Files
syndarix/docs/adrs/ADR-002-realtime-communication.md
Felipe Cardoso 6e3cdebbfb docs: add architecture decision records (ADRs) for key technical choices
- Added the following ADRs to `docs/adrs/` directory:
  - ADR-001: MCP Integration Architecture
  - ADR-002: Real-time Communication Architecture
  - ADR-003: Background Task Architecture
  - ADR-004: LLM Provider Abstraction
  - ADR-005: Technology Stack Selection
- Each ADR details the context, decision drivers, considered options, final decisions, and implementation plans.
- Documentation aligns technical choices with architecture principles and system requirements for Syndarix.
2025-12-29 13:16:02 +01:00

4.2 KiB

ADR-002: Real-time Communication Architecture

Status: Accepted Date: 2025-12-29 Deciders: Architecture Team Related Spikes: SPIKE-003


Context

Syndarix requires real-time communication for:

  • Agent activity streams
  • Project progress updates
  • Build/pipeline status
  • Client approval requests
  • Issue change notifications
  • Interactive chat with agents

We need to decide between WebSocket and Server-Sent Events (SSE) for real-time data delivery.

Decision Drivers

  • Simplicity: Minimize implementation complexity
  • Reliability: Built-in reconnection handling
  • Scalability: Support 200+ concurrent connections
  • Compatibility: Work through proxies and load balancers
  • Use Case Fit: Match communication patterns

Considered Options

Option 1: WebSocket Only

Use WebSocket for all real-time communication.

Pros:

  • Bidirectional communication
  • Single protocol to manage
  • Well-supported in FastAPI

Cons:

  • Manual reconnection logic required
  • More complex through proxies
  • Overkill for server-to-client streams

Option 2: SSE Only

Use Server-Sent Events for all real-time communication.

Pros:

  • Built-in automatic reconnection
  • Native HTTP (proxy-friendly)
  • Simpler implementation

Cons:

  • Unidirectional only
  • Browser connection limits per domain

Option 3: SSE Primary + WebSocket for Chat (Selected)

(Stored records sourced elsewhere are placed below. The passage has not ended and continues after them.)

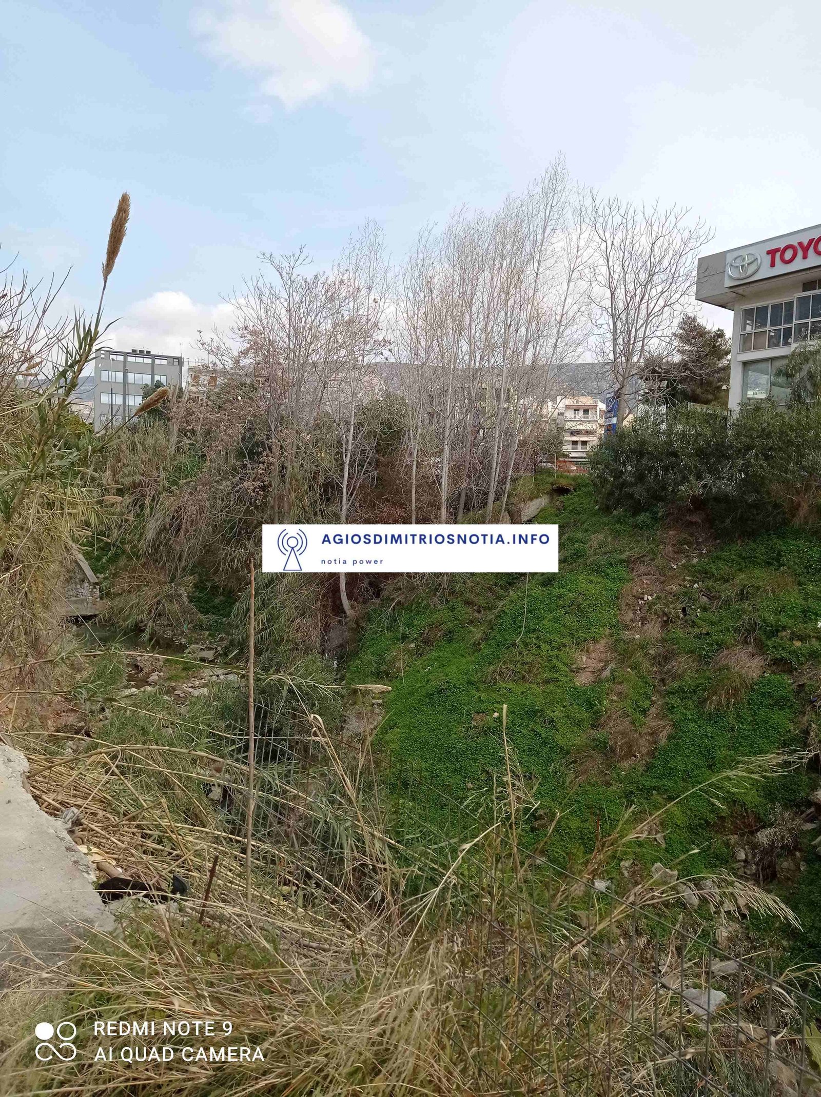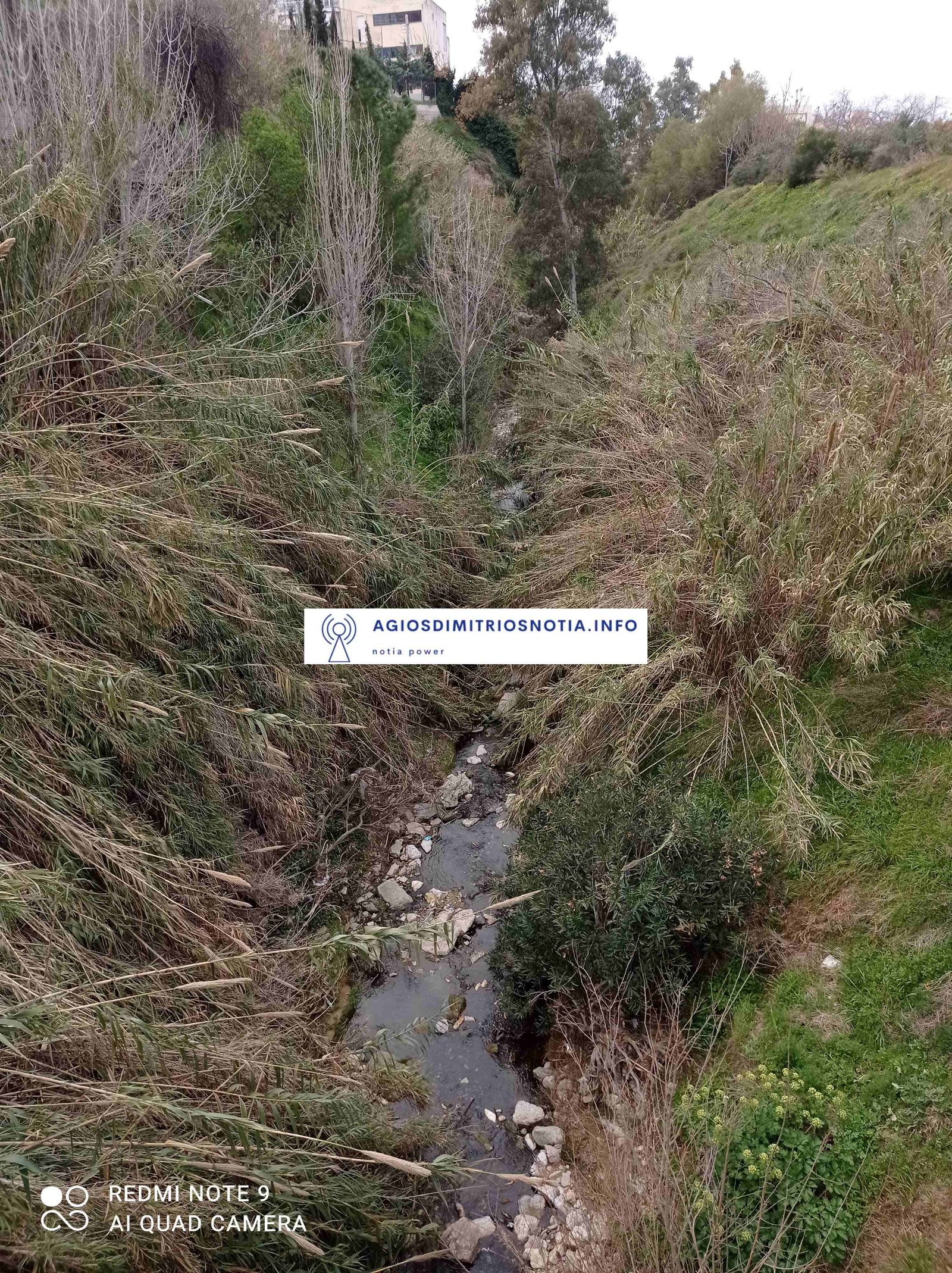 Υποβαθμισμένο το ρέμα. Κυκλωμένο από σπίτια, σκουπίδια, αυτοκίνητα συνεχίζει το σιωπηλό του ταξίδι το νερό μέχρι τη θάλασσα.
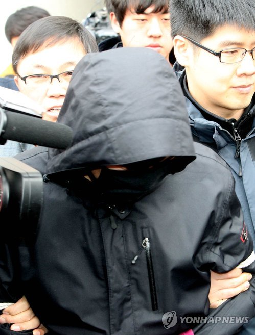 | △ 크림빵 뺑소니 피의자 검찰 송치 (청주=연합뉴스) 김형우 기자 = 3일 '크림빵 아빠' 뺑소니 사망사고 피의자 허모(37)씨가 검찰로 이송되고 있다. 청주흥덕경찰서는 이날 허씨를 특정범죄가중처벌법상 도주 차량과 도로교통법상 음주운전 혐의로 검찰에 송치했다. 2015.2.3 vodcast@yna.co.kr |
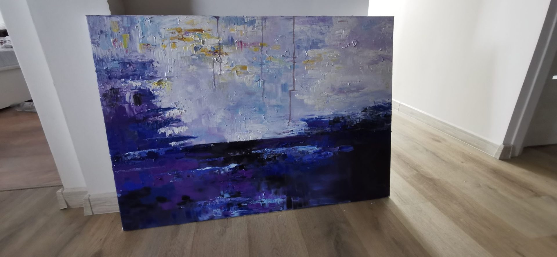 Obraz abstrakcyjny o wyraźnych, kobaltowych barwach. Doskonały akcent do każdego mieszkania. Malowany farbami renomowanymi farbami olejnymi na płótnie bawełnianym o wysokiej gramaturze. Każdy z moich obrazów jest sygnowany i utrwalony warstwą werniksu. Wymiary 100×70.
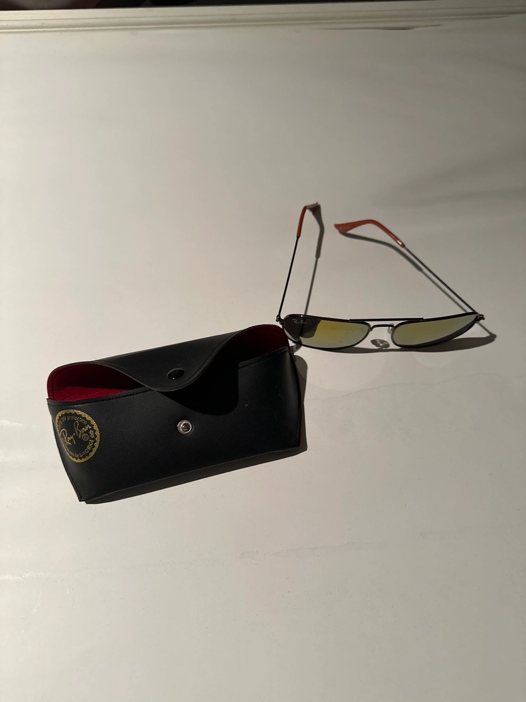 Aviator-style sunglasses. Brown gradient lenses. Black metal frame. Comes with a black case. Model number 3136B.
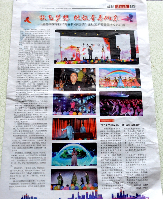 109日,寿光日报以《放飞梦想 绽放青春风采----圣都中学举行“青春梦家国情” 金秋艺术节暨国庆文艺汇演》为题在B3版整版报道了我校金秋艺术节暨国庆文艺汇演盛况,向读者推介我校利用艺术节活动的契机,充分挖掘师生的艺术创造力和表演力,形成了“面向所有学生,促进每一个学生学业水平和人格素养都得到适合自己的最好发展”的特色办学之路。
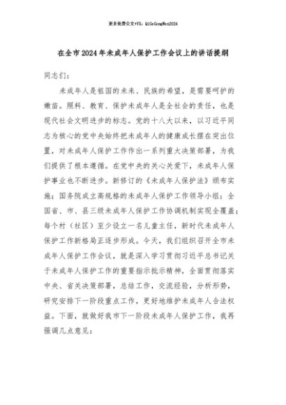 / 【七哥公文】2024年:在全市2024年未成年人保护工作会议上的讲话提纲+更多免费公文+VX:QiGeGongWen2024
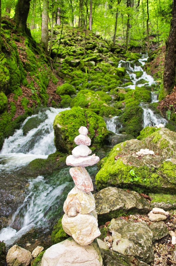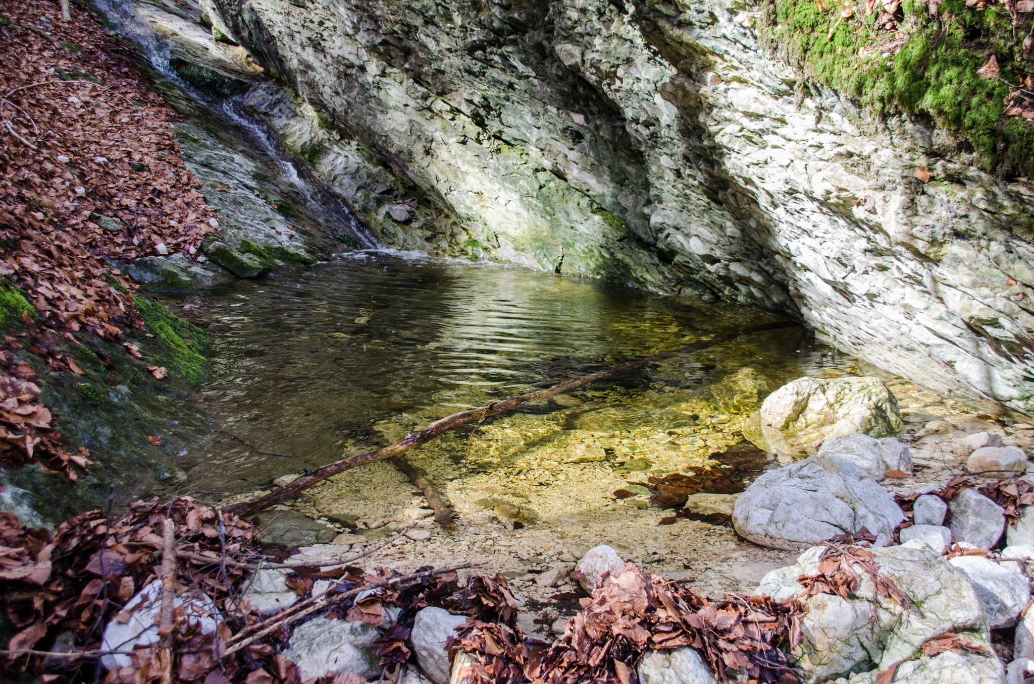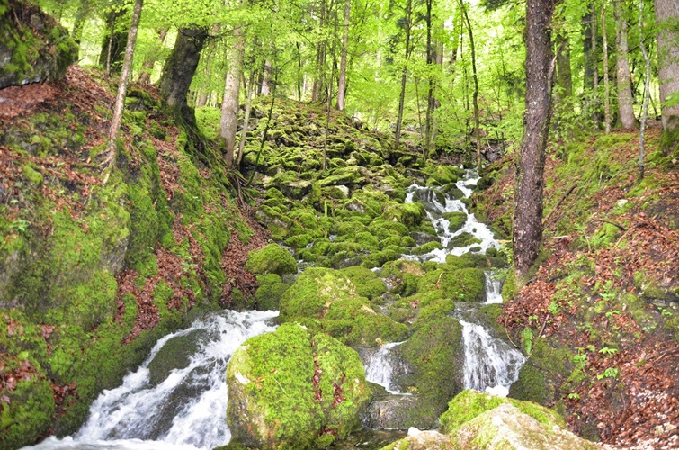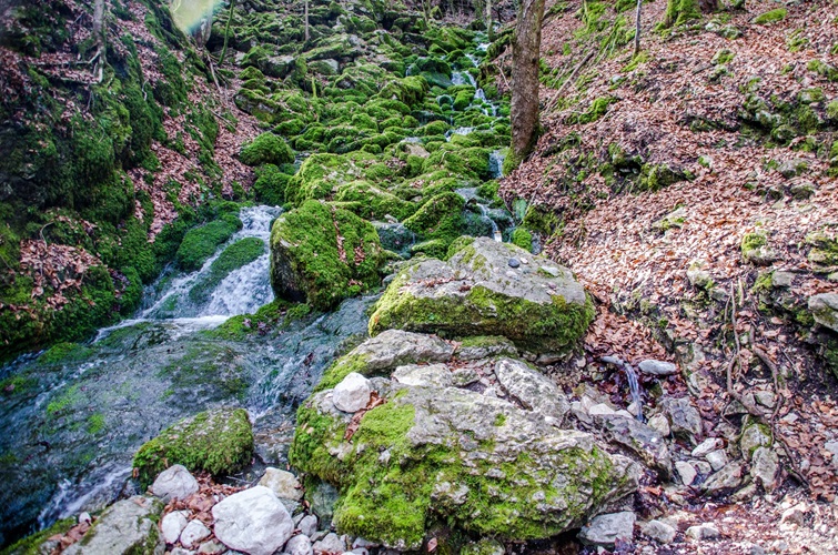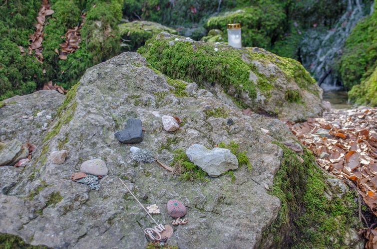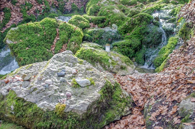 Unten, am Fuß der Kaskaden, fließt aus einem Rohr das heilkräftige Wasser, das von vielen Menschen der Umgebung gern aufgesucht und abgefüllt wird.
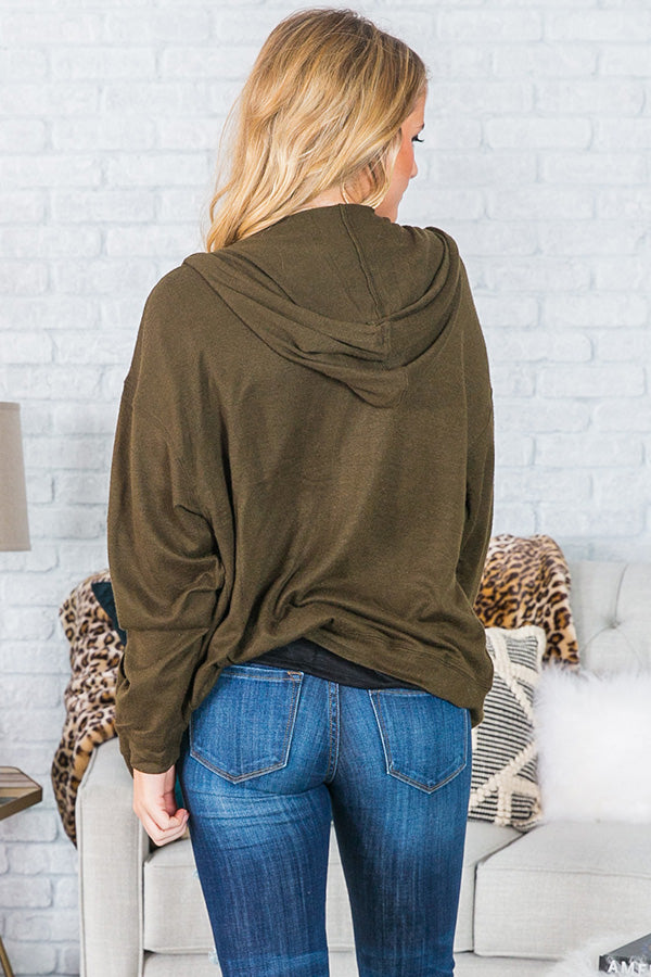 This army green sweater is for all you ladies who are "always on cabin time" with its zip up front, hooded collar, pockets, long sleeves, and lightweight material! To stay warm, you can style this piece over a basic black tee with some distressed skinnies and camouflage sneakers, or you can layer a sporty camisole under it with our "Prosecco And Push Ups Midrise Legging," our "The Karlie Perforated Bootie in Grey," and "Cold Snap Metallic Beanie in Grey!" Measurements
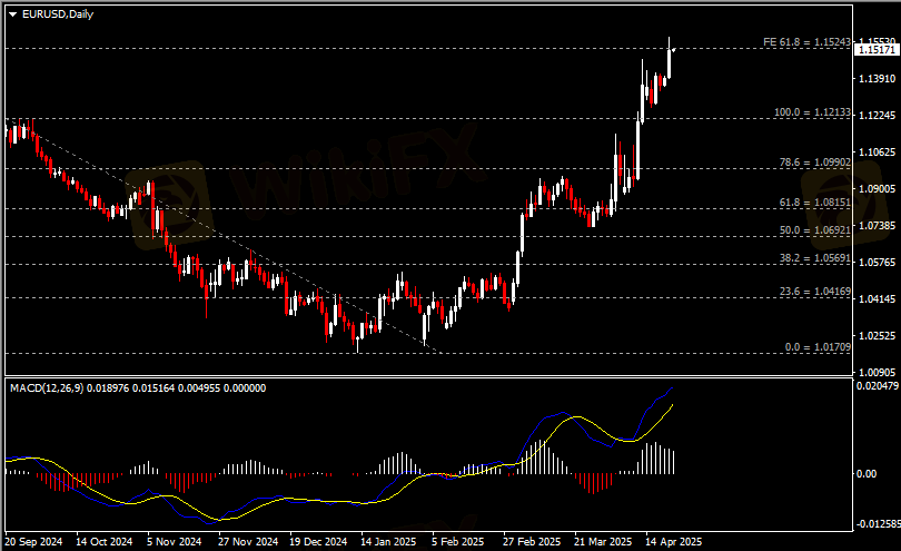 日线图显示欧元兑美元震荡上涨,当前测试1.1520阻力。从MACD来看,快慢线向上运行,白色动能柱则温和收缩。汇价走势和动能柱的变化呈分歧。
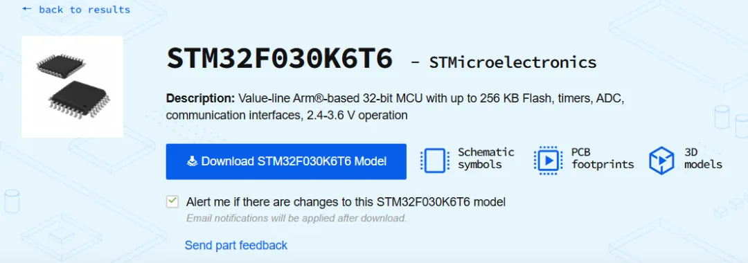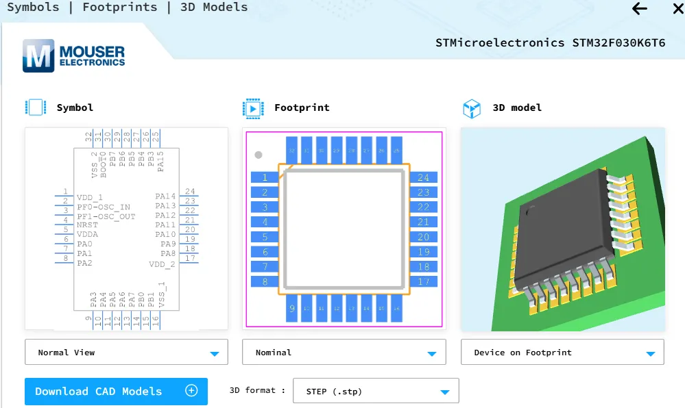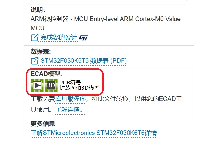 该网站为 Mouser(贸泽电子) 的官方网站,是一家专注于电子元器件分销的在线平台。进入网站后输入你使用的器件型号,比如“STM32F030K6T6”,找到ECAD模型。
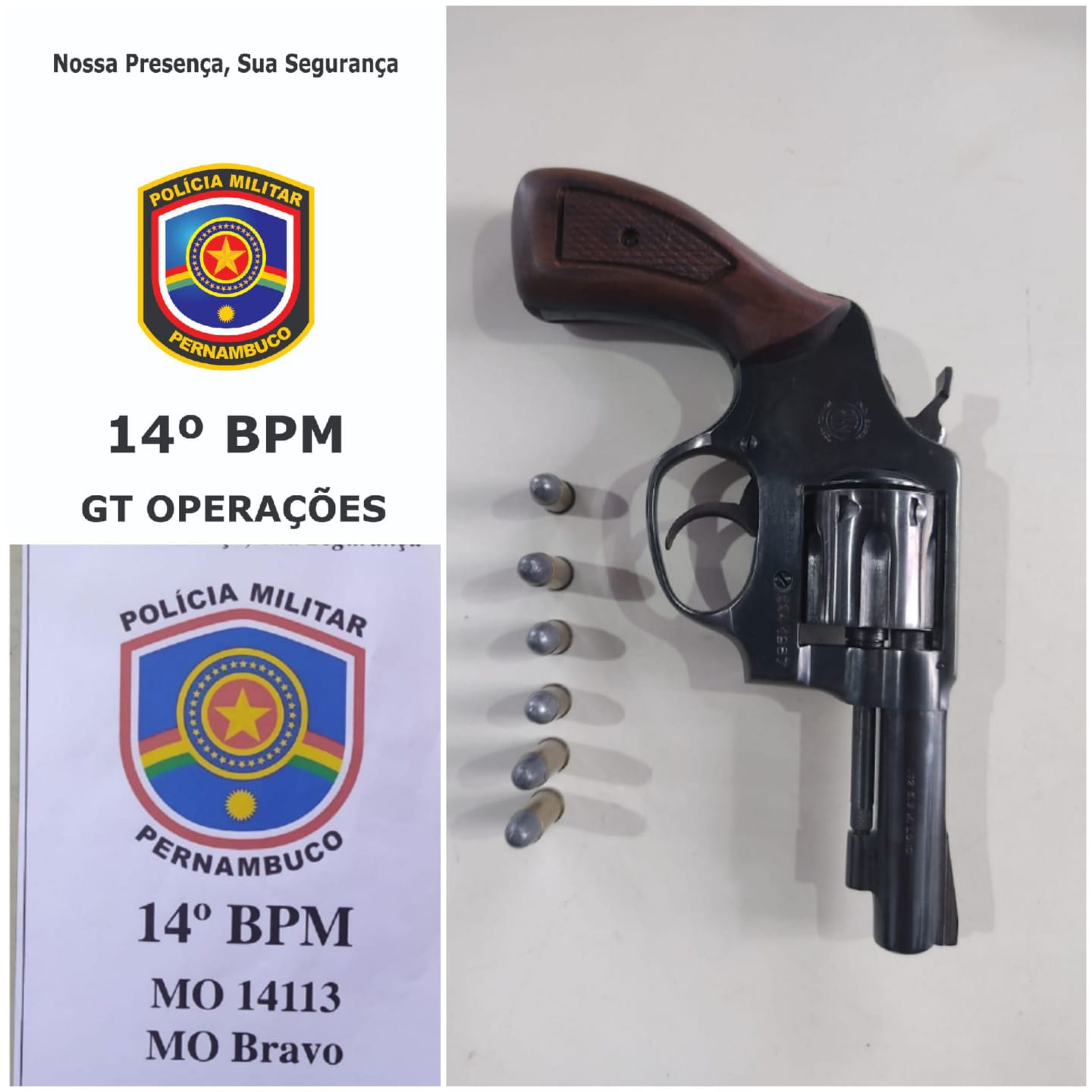 Na bolsa da imputada, foi encontrado um revólver calibre 32, oxidado, com 06 (seis) munições intactas. No momento da apreensão, o imputado 01 assumiu propriedade da referida arma, informando que a imputada 02 estava apenas guardando.
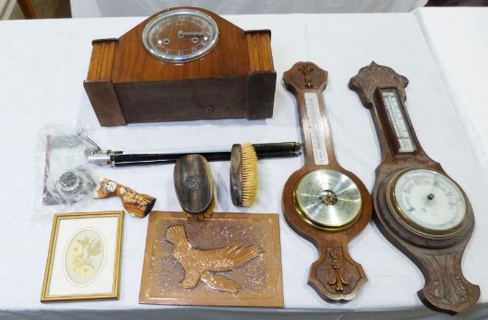 Benito wooden cased mantel clock, two barometers, various chinaware and linen (3 boxes)
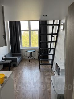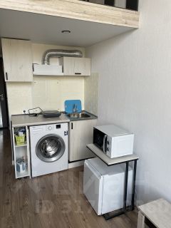 Студия 18 метров (по полу) + небольшая антресоль (высота 1,4 м.) для спального места или хранения. Долгосрочная аренда. В наличии кухня, стулья, холодильник, шкаф, микроволновая, стиральная машина, диван.
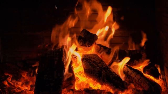 Расслабляющее видео с горящим огнем и потрескивающими звуками камина.

Use SSE for server-to-client events, WebSocket for bidirectional chat.

Pros:

  • Best tool for each use case
  • SSE simplicity for 90% of needs
  • WebSocket only where truly needed

Cons:

  • Two protocols to manage

Decision

Adopt Option 3: SSE as primary transport, WebSocket for interactive chat.

SSE Use Cases (90%)

  • Agent activity streams
  • Project progress updates
  • Build/pipeline status
  • Approval request notifications
  • Issue change notifications

WebSocket Use Cases (10%)

  • Interactive chat with agents
  • Real-time debugging sessions
  • Future collaboration features

Implementation

Event Bus with Redis Pub/Sub

FastAPI Backend ──publish──> Redis Pub/Sub ──subscribe──> SSE Endpoints
                                   │
                                   └──> Other Backend Instances

SSE Endpoint Pattern

@router.get("/projects/{project_id}/events")
async def project_events(project_id: str, request: Request):
    async def event_generator():
        subscriber = await event_bus.subscribe(f"project:{project_id}")
        try:
            while not await request.is_disconnected():
                event = await asyncio.wait_for(
                    subscriber.get_event(), timeout=30.0
                )
                yield f"event: {event.type}\ndata: {event.json()}\n\n"
        finally:
            await subscriber.unsubscribe()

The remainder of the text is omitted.